It’s not too late to add bitcoin assets to a portfolio and position oneself to benefit from the next bitcoin bull run. Actually, it a great time to invest in bitcoin. Indicators are showing the next bull run could last for the next 18 months. More importantly, this could possibly be the last time bitcoin assets can be purchased below the $10K rate.


Bitcoin dominance over altcoins is around 62% which is a little lower than normal. This is why we have been seeing a nice pump in price for the alt-coins that make up the rest of the market cap sitting around $304 billion. Bitcoin’s price seemed comfortable staying above $10,000 for a period of time, but then dropped after returns of around 45% just after the beginning of the year. 2020 has been an awkward year so far, with many ups and downs for the financial markets, and that certainly includes cryptocurrency.

Signals & Hints

Large deposits into the exchanges tend to be a good hint a bull run is going to soon end as investors look to cash out profits. This bull run seemed to be a little different earlier in the first quarter of 2020. Large deposits were down and appeared to be a good indicator that investors must have been comfortable that a run wasn’t over yet. 

Missing was the extremely high volatility experienced during the last bull run. Those moves attracted many to add bitcoin assets to their portfolios for big gains. This time volatility was down to near record lows. The older more mature currency was showing it can thrive in a low volatile environment, and this began to ease institutions’ fear of investing. Bitcoin seemed to have become more legitimized and normalized.

So What Happened?

On March 12, 2020 cryptocurrency markets lost billions as the prices sank to levels not seen in over a year. This time, bitcoin’s price drop correlated with the stock market, as massive sell-offs occurred across the board. As news of the Coronavirus began to spread around the world, investors started putting their bitcoin assets into stable coin or USD cash. With a world on lockdown, businesses shuttered, consumers sheltering in place, the entire financial sphere has been affected. While bitcoin is a little less correlated currently, it still shows a correlation coefficient with the stock market of over 50% on a scale between 1100% and 100%. Consequently, it is not unusual to see a 3% move in the stock markets to be correlated to a 9% move in Bitcoin. But the debate continues and many maintain that bitcoin is a non-correlated asset.

As of this posting, Bitcoin has surged to regain some lost ground. This could be due to optimism over the progress around the world in fighting the Coronavirus, or because many are still seeking a safe haven. Regardless, traders should expect gains and losses to mimic the stock market, with swings magnified due to the higher risk profile of bitcoin assets.

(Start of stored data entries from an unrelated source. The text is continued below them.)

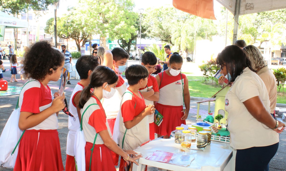 Para celebrar o Dia Mundial da Água, comemorado no dia 21 de março, a secretaria de Meio Ambiente de Aracruz (Semam) promoveu um evento na Praça Monsenhor Guilherme Schmitz, na manhã desta quarta-feira (30). O momento contou com a presença do secretário da Semam, Aladim Cerqueira ,e da subsecretária, Rhayrane Pedroni, além da população em geral e de escolas, tanto da rede municipal de ensino como privada.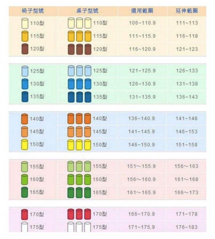 從原PO分享的照片中可見,每個圓柱體都有自己的型號,顏色也不一樣,大致可以分為5大類,106公分至120公分為黃色系圓柱體,121公分至135公分為藍色系圓柱體,136公分至150公分為橘色系圓柱體,151公分至165公分為綠色系圓柱體,165公分至170公分為粉色圓柱體,171公分至175公分為白色圓柱體。
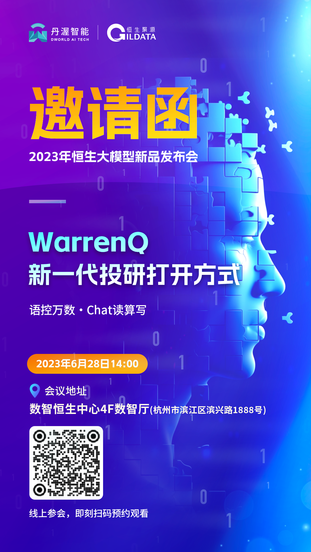 本月28日下午14:00,杭州这座历史文化名城将迎来一场科技创新的盛宴。尊龙凯时人生就是搏智能将携全新AI产品亮相恒生电子数智金融新品发布会,恒生电子董事长、恒生研究院院长、恒生电子CTO、恒生聚源副总经理等大咖将悉数出席。尊龙凯时人生就是搏智能全新研发的WarrenQGPT将在本次发布会亮相,为专业投研领域带来一场全新的变革,解锁全新一代的投研打开方式。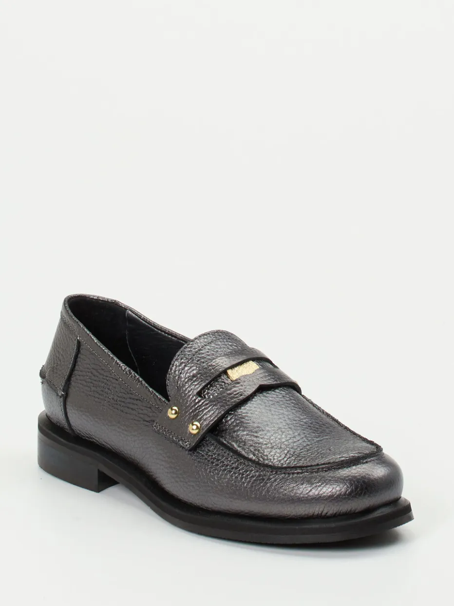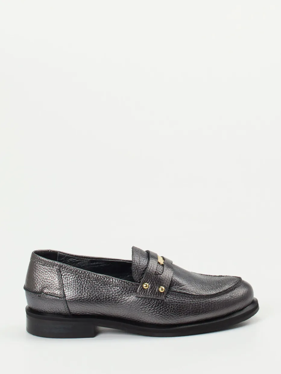 Für Tage, an denen Komfort und Stil gleichermaßen gefragt sind, bietet dieser Schuh mit seinem samtig genarbten Kalbleder in graphitgrauem Metallic-Finish eine ideale Lösung. Die flache Silhouette, ein flacher Blockabsatz und der Schlupfeinstieg betonen seine Alltagstauglichkeit. Den Retro-Charme eines Penny Loafers greift die geschlitzte Spange mit eingelegter Ziermünze gekonnt auf. Goldfarbene Metalldetails greifen den Metallic-Trend auf und verleihen dem Modell einen spannenden Twist. Harmoniert hervorragend mit schmalen Stoffhosen oder Blazern für ein stilvolles Büro-Outfit.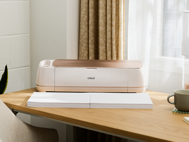 About the size of two reams of paper, Cricut Maker™ 4 fits perfectly on your desk, kitchen counter or wherever you craft, and helps you create projects up to 11.7 in (29.7 cm) wide by 12 ft (3.66 m) long.²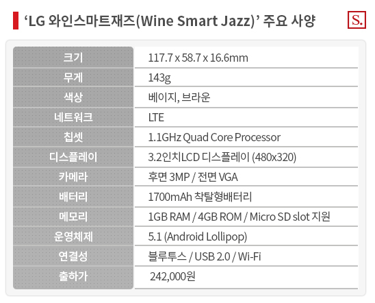 SKT와 KT를 통해 출시된 와인스마트재즈는 작년 9월 출시된 ‘와인스마트’를 잇는 LG전자 ‘와인폰’시리즈의 7번째 제품이다.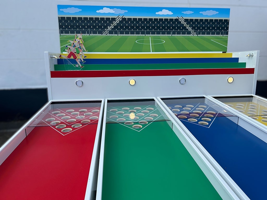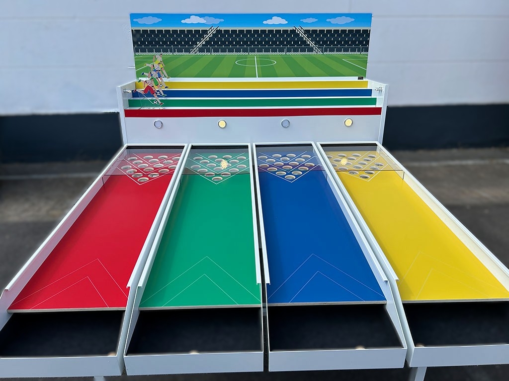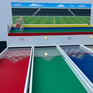 Anpfiff, Anstoß, Action! Das Fußball-Derbyrennen bringt die klassische Jahrmarkt-Atmosphäre direkt auf Ihr Event – kombiniert mit packendem Wettkampffeeling und jeder Menge Spaß. Dieses Eventmodul ist die perfekte Mischung aus Geschicklichkeitsspiel und Unterhaltung und sorgt für Spannung pur.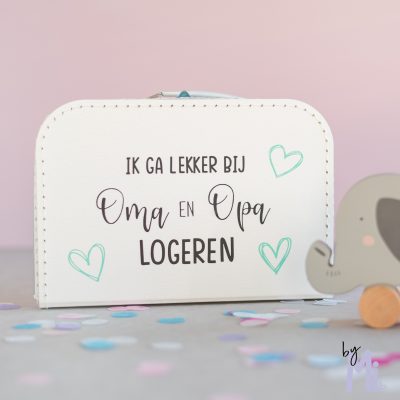 Voor kleine avonturiers met grote plannen is er dit logeerkoffertje “Ik ga logeren bij opa en oma”. Een vrolijk en praktisch koffertje dat logeren nog leuker maakt. Ideaal om de eerste nachtjes uit logeren speciaal te laten voelen.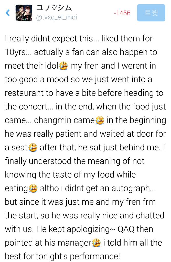 These are fanaccounts of two chinese fans on 150502 PDT (Shared ob 150503 KST), we will only share their translated fanaccounts on their encounter with Changmin and staff in a Vietnamese restaurant called “PHO 24” in LA, that Yunho happened to visit yesterday as well.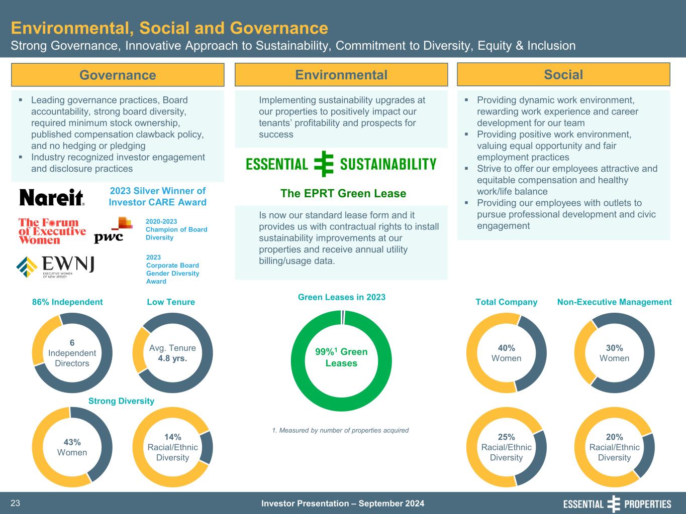 Investor Presentation – September 202423 Governance  Leading governance practices, Board accountability, strong board diversity, required minimum stock ownership, published compensation clawback policy, and no hedging or pledging  Industry recognized investor engagement and disclosure practices Environmental, Social and Governance Strong Governance, Innovative Approach to Sustainability, Commitment to Diversity, Equity & Inclusion Environmental Social Implementing sustainability upgrades at our properties to positively impact our tenants’ profitability and prospects for success  Providing dynamic work environment, rewarding work experience and career development for our team  Providing positive work environment, valuing equal opportunity and fair employment practices  Strive to offer our employees attractive and equitable compensation and healthy work/life balance  Providing our employees with outlets to pursue professional development and civic engagement 25% Racial/Ethnic Diversity 40% Women 30% Women 20% Racial/Ethnic Diversity Total Company Non-Executive Management 99%1 Green Leases 1. Measured by number of properties acquired 2020-2023 Champion of Board Diversity Avg. Tenure 4.8 yrs. 6 Independent Directors 43% Women 14% Racial/Ethnic Diversity Green Leases in 202386% Independent Low Tenure Strong Diversity 2023 Silver Winner of Investor CARE Award Is now our standard lease form and it provides us with contractual rights to install sustainability improvements at our properties and receive annual utility billing/usage data. The EPRT Green Lease 2023 Corporate Board Gender Diversity Award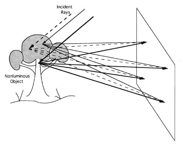 OBJECTS An object may be luminous or nonluminous. A luminous object or source produces light and is visible in otherwise total darkness. Every point on a luminous object radiates light in all directions (Fig. 4). Nonluminous objects do not produce light and are visible only when illuminated by a source. When light strikes a point on a nonluminous object, it is diffusely reflected or scattered in all directions (Fig. 5).

Shouldn’t a borderless digital asset like bitcoin be independent of other currencies and the stock market? Perhaps in normal uncertain economic times when investors still have jobs but look for a safe place to park their assets. However, the Coronavirus situation is different and certainly not normal. Even traditional private assets like gold and silver crashed, so it stands to reason one in existence for only about 11 years would as well. Once the dust settled, so to speak, bitcoin rose in price and has held steady.

Safe Haven Assets

Of course, if not talking about the virus, many of us are talking about gold vs. bitcoin assets. As of this posting, gold is up 8.5% and bitcoin is up 24% over the same 5-day timeframe, while the S&P 500 is down 4.3% over the same period. The question is, will Bitcoin begin to show a strong correlation to the stock market, or start performing like a safe haven as this Covid-19 situation continues?

Only time will tell. In May 2020 the reward a miner receives for confirming a block (how bitcoins are created) will be automatically cut in half and go from 12.5 BTC to 6.25 BTC. This is built into the protocol to cap the supply to a maximum of 21 million and it happens every 210,000 blocks, or about every 4 years. This will be the third halving and 87% of the world’s total Bitcoin is now in circulation. With “the halving” it will become more scarce as the creation of bitcoins is instantly decreased. As the supply shrinks, demand will surely grow.

Stock is the size of the existing stockpiles or reserves. Flow is the yearly production. Gold has the highest SF (Stock to Flow ratio) 62, it takes 62 years of production to get current gold stock. Silver is second with SF 22. This high SF makes them monetary goods. Bitcoin currently has a stock of 17.5m coins and supply of 0.7m/yr = SF 25. This places bitcoin in the monetary goods category like silver and gold.